The reason I say that is because I’ve done similar things in the past. My wife also has a job as a junior developer (working from home as part of a smaller multi-dev team supporting a massive project), but her team is set up in a way that she can only get a few minutes a week with her senior since he is always busy with his own tasks. She was never given documentation or even a walkthrough to explain how their project is structured or how their database is structured (they said in the interview that they would do this, but in reality the senior has to spend all of his time on other projects or in meetings). There are times that she gets stuck on a task that she has been assigned because she doesn’t know where in the source code she needs to look and she can’t get a hold of her senior. She’ll ask me for advice (without looking at the code, it’s essentially a 20-questions type scenario of hypotheticals) and, even though it is a completely different programming language and I haven’t actually seen the code, I can figure out what it is that she is needing to do and help guide her to where she needs to go in her project. When she finally gets a chance to talk to her senior about it a few days later, he confirms that the steps she ended up taking were correct for their set up.
For example, she once had to update the items in a drop down that she couldn’t find in the code in their project. She knew that the dropdown was being loaded on a specific page, but the items weren’t being populated in that same place. I assumed that this was likely using a stored procedure or a view on their database to pull the dropdown items. With that assumption, I was able to help her trace to where the data was being loaded in their data repository. That gave her the name of a stored procedure. She went and updated the stored procedure’s definition in their dev server and it corrected the dropdown. She later met with her senior and he confirmed that the dropdown (and many other features in the app like the dropdown) are pulling out of stored procedures so they don’t have to redeploy code to update things like that.

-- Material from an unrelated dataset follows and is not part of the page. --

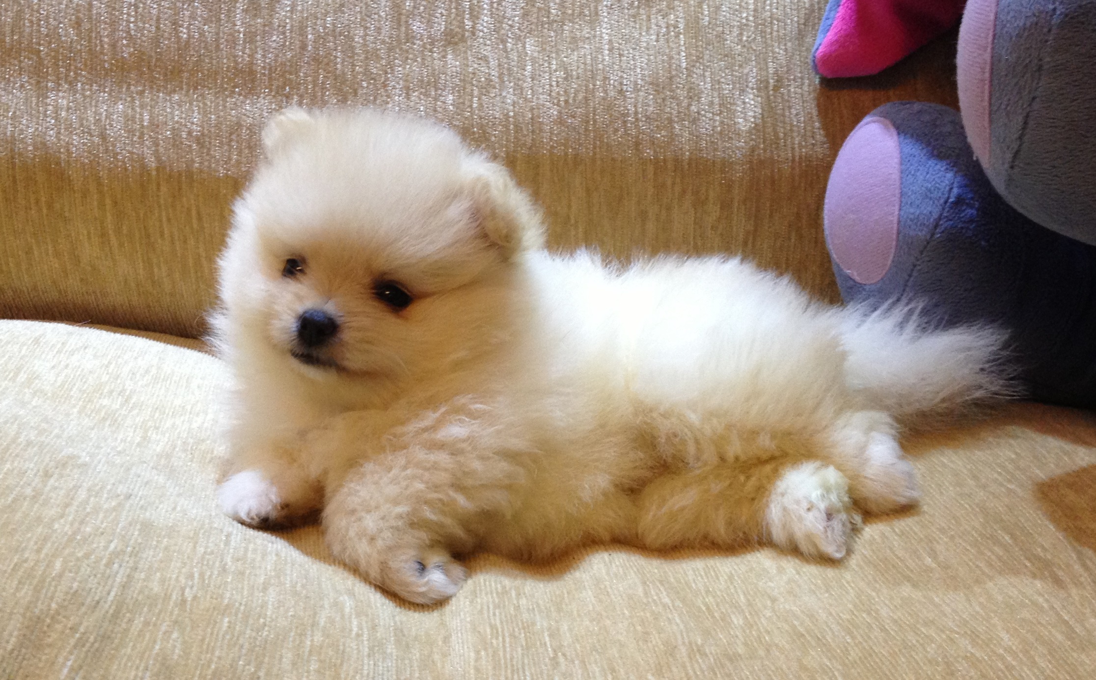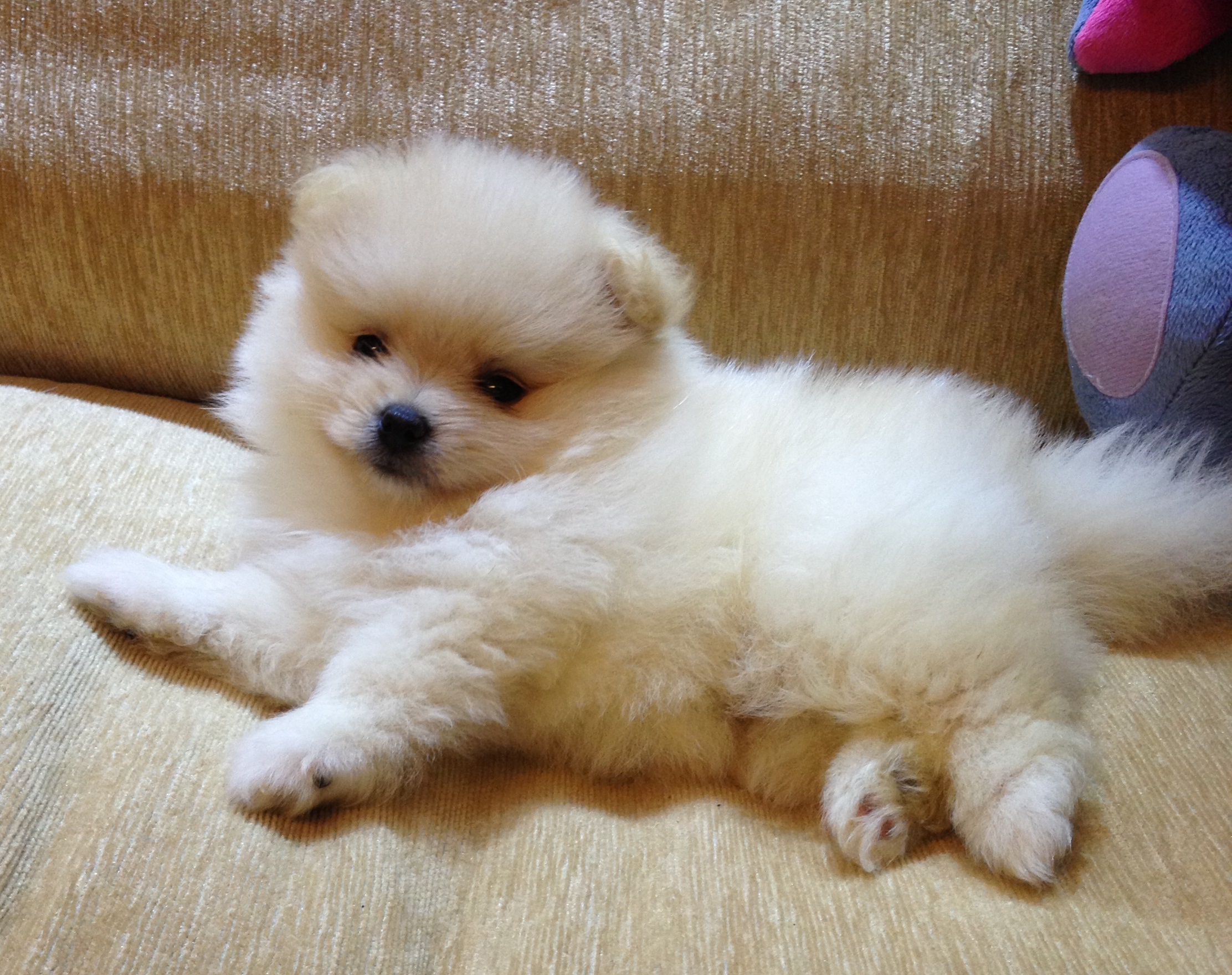 ขายลูกสุนัขปอมเพศเมีย สีขาวครีม อายุ 45วัน 14,000 บาท วัคซีนครบ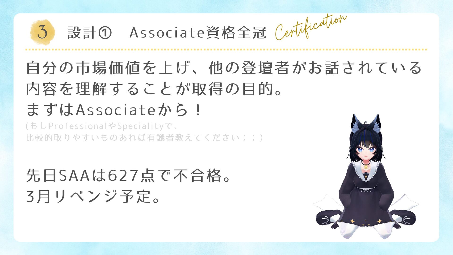 3 設計① Associate資格全冠 Certification 自分の市場価値を上げ、他の登壇者がお話されている 内容を理解することが取得の目的。 まずはAssociateから! (もしProfessionalやSpecialityで、 比較的取りやすいものあれば有識者教えてください;;) 先日SAAは627点で不合格。 3月リベンジ予定。

Similarly, one of the projects I had to work on at my org is actually taking an MVC web application and an API web application that are written by one of their multi-dev teams that are provided by our ERP software provider that we can customize to meet our specific needs. I did have some documentation to go off of, but I was able to get that loaded in and making customizations that fit within their architectural style within a couple of hours when I first started it.